A esta hora, o problema é que os céus da Europa já estão cheios de abutres.
 
P.S. 
O reembolso antecipado de Portugal é uma boa notícia. Mas uma Maria Luís frígida com Varoufakis não fortalece a posição portuguesa e cava mais fundo sobre o estado de necessidade grego. É triste.

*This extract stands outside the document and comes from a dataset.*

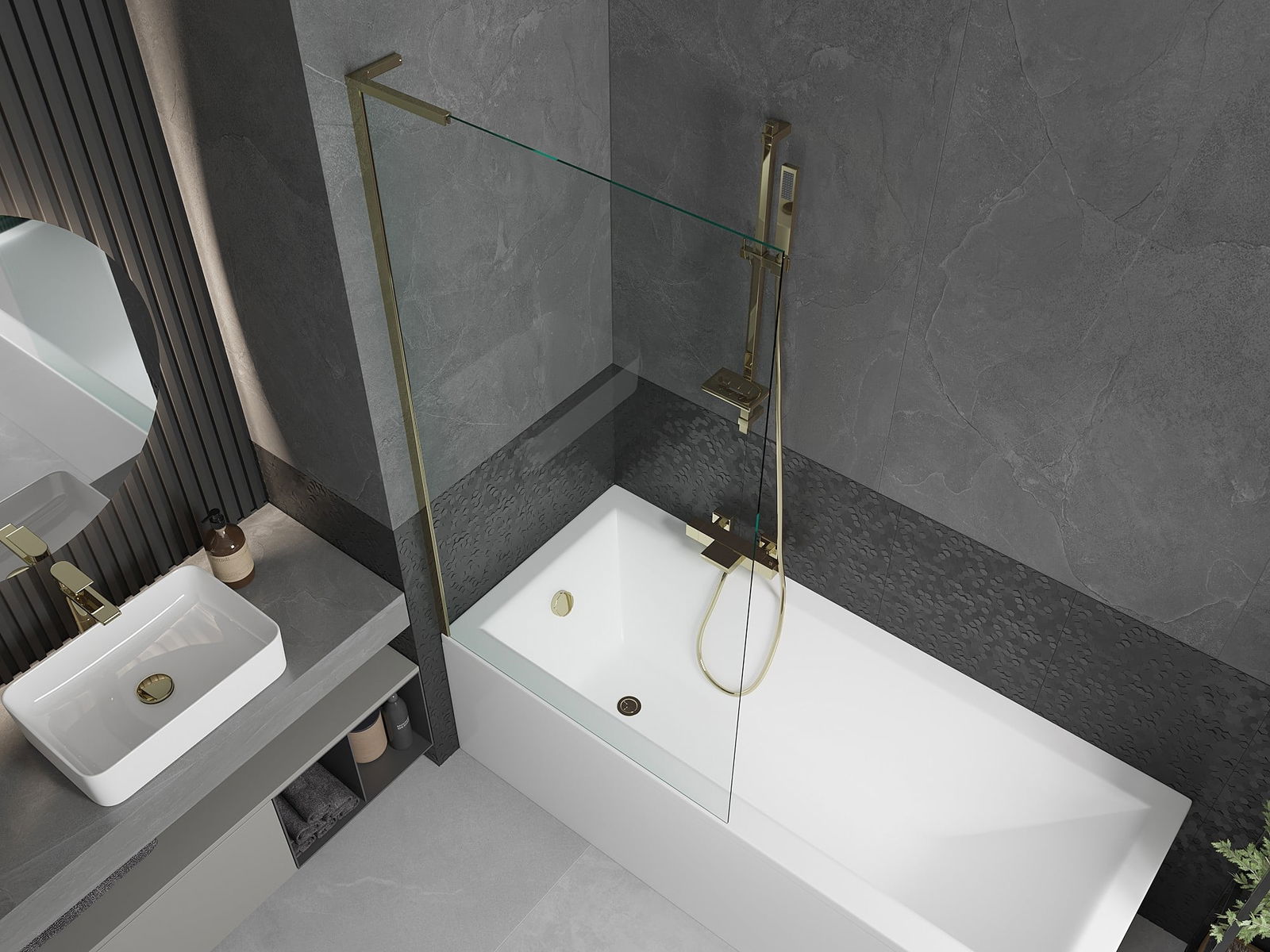 Mexen Next L 1-szárnyú fürdőszobai paraván 90 x 150 cm, átlátszó, arany - 895-090-000-03-00-50

sexta-feira, 6 de fevereiro de 2015

Saúde - tolice sobre a desgraça alheia

A propósito do acordo que o Governo celebrou com o Infarmed e a Gilead para comparticipar os medicamentos dos doentes com hepatite C, vimos por aí um esdrúxulo deputado da maioria escrever um post em que se diz "emocionado" com a notícia.
 
Não se bastando com excitação do momento, este mandatário, especialista em saúde, avança, jubiloso, com um “sentido abraço solidário a todos”, para depois rematar, triunfante, na “certeza que hoje acordaram com um enorme sentimento de esperança no futuro”.
 
Era bom que alguém dissesse a este infeliz babado que o dever não se adorna. Cumpre-se. E que o respeito pelos doentes não se proclama. Exerce-se. E que é de péssimo gosto não ter sobriedade nem discrição perante dramas humanos em que o Estado é convocado por obrigação.
 
O Sr. Deputado Baptista Leite não deve ter noção de nada disto, ou não vinha com uma prosa que é de dar vómitos a um porco.

quarta-feira, 28 de janeiro de 2015

António Vitorino está a gostar

Só hoje pude ver, ouvir e apreciar a linguagem gestual de António Vitorino, ontem, na SIC/N, quando instado sobre a hipótese dele próprio para Belém.
 
É notória a "diferença crescente", relativamente à primeira reação, há semanas. É indisfarçável que António Vitorino está a gostar, e a gostar cada vez mais, da ideia de ser candidato presidencial.
 
Isso é bom. É bom para ele. É bom para o PS.
É bom para a Democracia que existam várias pessoas aptas, capazes de debater e servir com gosto as Instituições que nos representam.